Most efficient numerical selectBetween
Varying samples
(Updated to include internal function)
For varying samples, I think the best non-compiled method is to use Pick
as you did. You can speed up the selector list slightly by using Subtract
, and you can reduce the number of arithmetical operations by 1 as follows:
sb2[samp_, {min_, max_}] := Pick[
samp,
UnitStep[Subtract[samp, min] Subtract[samp, max]],
0
]
In comparison to your answer, sb2
has 2 subtractions, 1 multiplication and 1 UnitStep
call, while selectBetween
has 2 subtractions, 1 addition and 2 UnitStep
calls.
Comparison:
samp = RandomReal[10, 10^6];
r1 = selectBetween[samp, {.001, .01}]; //RepeatedTiming
r2 = sb2[samp, {.001, .01}]; //RepeatedTiming
r1===r2
{0.00690, Null}
{0.0059, Null}
True
Slightly faster.
Varying sample addendum 1
Here is a different selector that is slightly faster:
sb3[samp_, {min_, max_}] := Pick[
samp,
Unitize @ Clip[samp, {min, max}, {0,0}],
1
]
Comparison:
samp = RandomReal[10, 10^6];
r1 = selectBetween[samp, {.001, .01}]; //RepeatedTiming
r2 = sb3[samp, {.001, .01}]; //RepeatedTiming
r1===r2
{0.0069, Null}
{0.0055, Null}
True
Note that the selector would need to be modified if the interval could contain 0.
Varying sample addendum 2
If you don't mind using an undocumented internal function, you could try:
samp = RandomReal[10, 10^6];
r1 = selectBetween[samp, {.001, .01}]; //RepeatedTiming
r2 = Random`Utilities`SelectWithinRange[samp, {.001, .01}]; //RepeatedTiming
r1 === r2
{0.00688, Null}
{0.0019, Null}
True
Fixed sample
If the sample stays the same, and you are selecting different ranges of data, then the following will be much faster:
nf = Nearest[samp]; //AbsoluteTiming
r3 = nf[(.01+.001)/2, {All, (.01-.001)/2}];//RepeatedTiming
Sort @ r1 === Sort @ r3
{0.153673, Null}
{0.000071, Null}
True
Creating the NearestFunction
is slow, but only needs to be done once, and then using the NearestFunction
will be extremely fast.
BoolEval was made exactly for these kinds of problems.

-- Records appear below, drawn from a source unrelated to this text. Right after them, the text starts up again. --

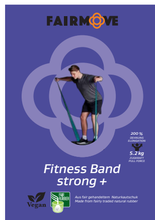
FITNESS BAND STRONG + 200 x 12 CM, PURPLE ART.-NO. 4800022 EAN: 4262358580894
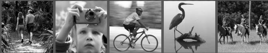
HIKING PHOTOS BIKING BIRDWATCHING EQUESTRIANS
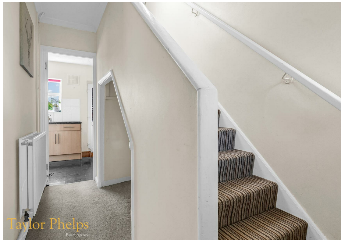
Taylor Phelps Estate Agency
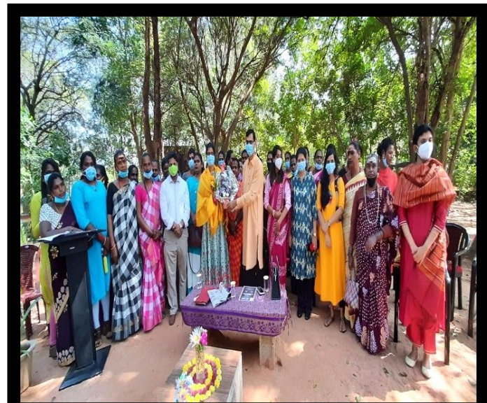
Program with Transgender
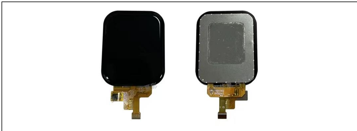
Figure 2. Touch screen
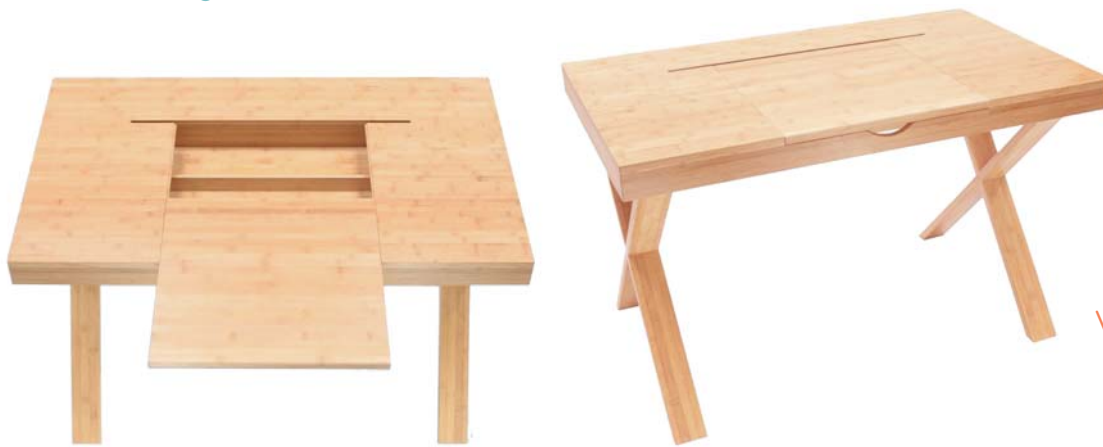
Cable-Tidy Home Office Desk
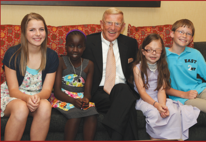
Former Notre Dame football coach Dr. Lou Holtz was the guest of honor at CSF Omaha's luncheon this June, which also honored six outstanding CSF Omaha Scholars.
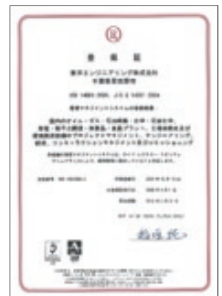
ISO 14001 Certificate of Approval
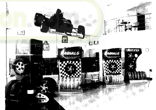
MRF T&S showrooms – world-class layout ▶
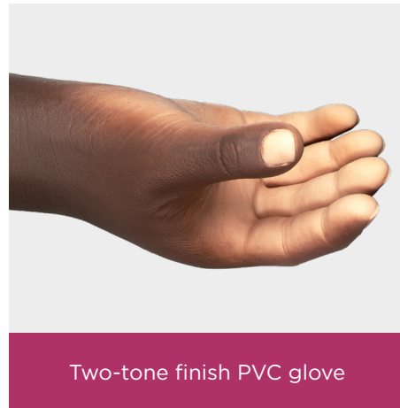
Two-tone finish PVC glove
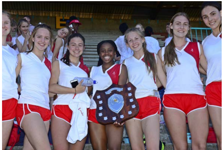
Form IV girls celebrating
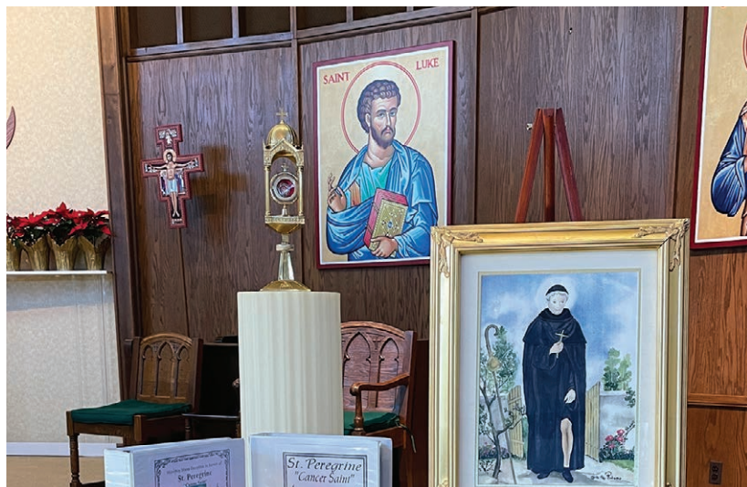
Special liturgies given by each class are a cornerstone of faith formation at Blessed Sacrament.
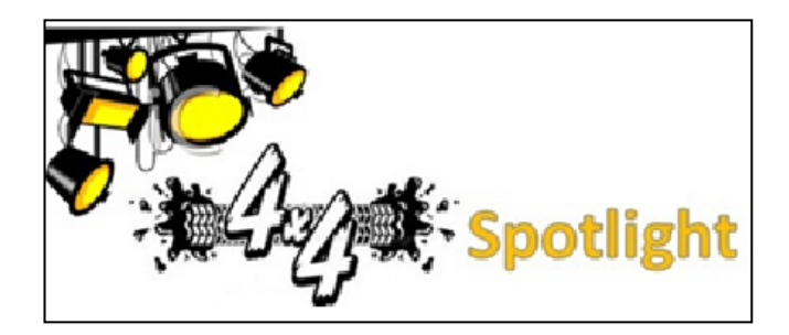
How and when did you acquire your rig? Bought 7 years ago from a friend at work.
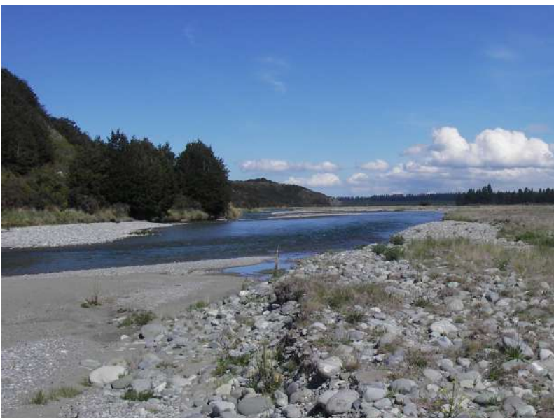
Nice day on the Upper Oreti

Prior to that I had managed a few days out. I had a day on the Upper Oreti but didn't catch any of the big browns it is famous for but at least it was fine, calm and warm and the river was in good condition. I also had a couple of trips to the Lodge. Chris was keen to get out on November 1 st for the high country opening. I went up the day before and fished a Mataura tributary in pretty wet and windy conditions. The stream was in good condition but it took me a long time to spot any fish and I pulled the pin quite early, having landed a nice
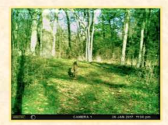
Bobcat on Trail
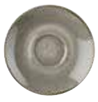
SAUCER SPGSCSS 1 15.6cm 6 1/4" CTN QTY 12 ✦ (Fits SPGSCB281 & SPGSCB201) ESPRESSO SAUCER SPGSESS 1 11.8cm 4 1/2" CTN QTY 12 ✦ (Fits SPGSCEB91)
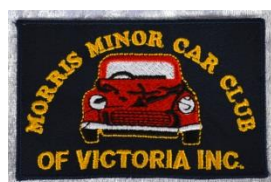
Cloth Club logo patch $10
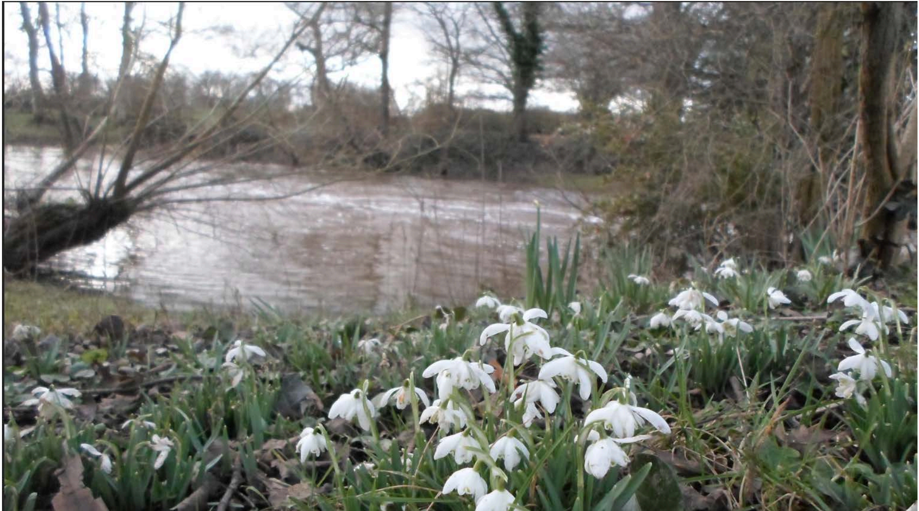
Snowdrops on the banks of the River Tern, by the weir at Attingham Park.
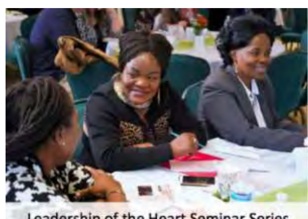
Leadership of the Heart Seminar Series

"The seminar was inspiring, uplifting and interactive. There were so many areas of the seminar that moved me, such as the meditation component. For a few minutes, I could go deeper within and connect to the divine, higher self and find peace. The presenters gave us the opportunity to understand more about the Leadership of the Heart and our own inner spirituality; that we are already divine beings, the
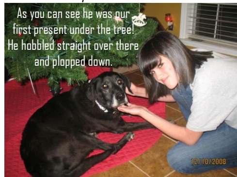
As you can see he was our first present under the tree! He hobbled straight over there and plopped down.
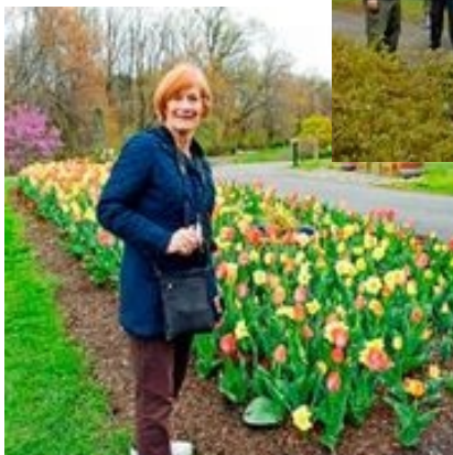
LLI members enjoying an informative stroll through Meadowlark Park.

Suppose you want to select elements from array
which are between lo
and hi
. Then use:
Needs["BoolEval`"]
BoolPick[array, lo < array < hi]
Simple, concise, and as fast as it gets for an unsorted list (with documented functions). Using <=
instead of <
is also possible, and it is handled correctly.